The soup was emptied into a bowl and tasted a new freedom. I then placed said soup in the microwave, and then foolishly armed the soup with a battle shield (aka a plate handed down to me from the 1960’s). My intention was that the plate would protect the interior of the microwave from the soup’s explosive powers. The soup however, had other plans…
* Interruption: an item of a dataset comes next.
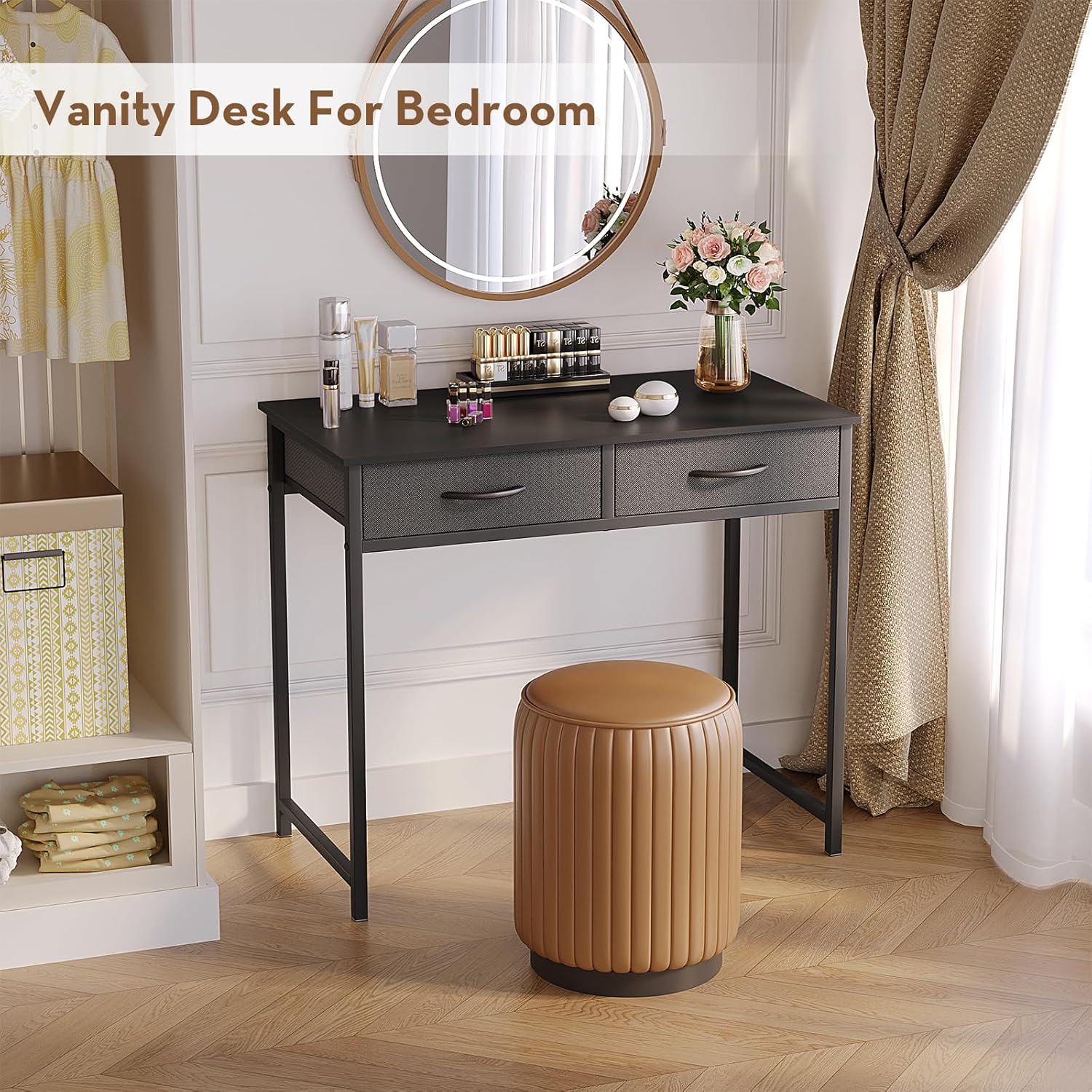 - 【Desk with Fabric Drawers】The small computer desk is designed with 2 pull-out fabric drawers, providing enough storage space for pens, books, jewelry and other small daily items, which can meet your storage needs and also keep your office or study supplies organized.
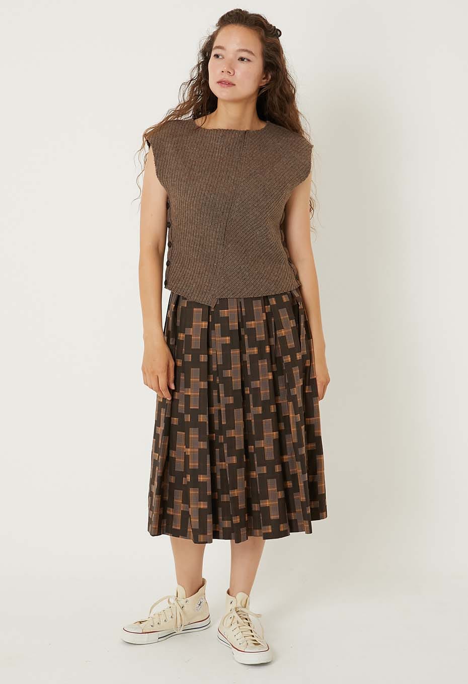 ナガシジュウジ ガンリョウプリント ボックスプリーツスカート

Instead of the usual offensive strategy employed by soups, that is to escape by force, this soup assumed a defenciveposition. The cooling air between the soup and the plate, combined with the smoothness of the plastic plate meeting with the plastic lip of the bowl formed a seal that suction cup designers only dream of. When I went to remove the plat I found it firmly attached to the bowl, my soup safe inside.

At first I wasn’t certain of the suction’s strength so I carefully held both plate and bowl as I removed them from the microwave. I then conducted a more thorough investigation in which I determined tools would be required to gain access to my food. I attempted to slip a knife between the battle bowl and mighty shield, but the combination proved to be too strong. I then attempted to shock the suction apart by stringing at the soup’s shield with a kitchen mallet to no avail.

Next I would try science. I quickly placed the bowl into the freezer, hoping the temperature change would aid my fight. After a few moments of thought I realized that cooling air was the reason this battle had begun, and since I had no quick way to heat the bowl without melting it, I was down to one last option if I were to get my food. Something mut be destroyed.

It was either going to be the plate or the bowl, but it wasn’t going to be me. My drill was at RCF so that wasn’t an option, and so that only left breaking. The bowl was like rubber maid, but the plate was made brittle from decades of use. I knew that several of the plate’s bretheren had perished in the line of duty, so with my mighty fencing arm I bent the edges of the plate upward in hopes of preserving the soup inside. I pulled and wrenched with all of my might and at last when I thought I was at my limit, as if by some divine power, the mighty soup shield gave way. I then inserted my spoon deep into the belly of the beast. Weary from battle, I ate.

Let it be known that the taste of victory is Mmm mmm good!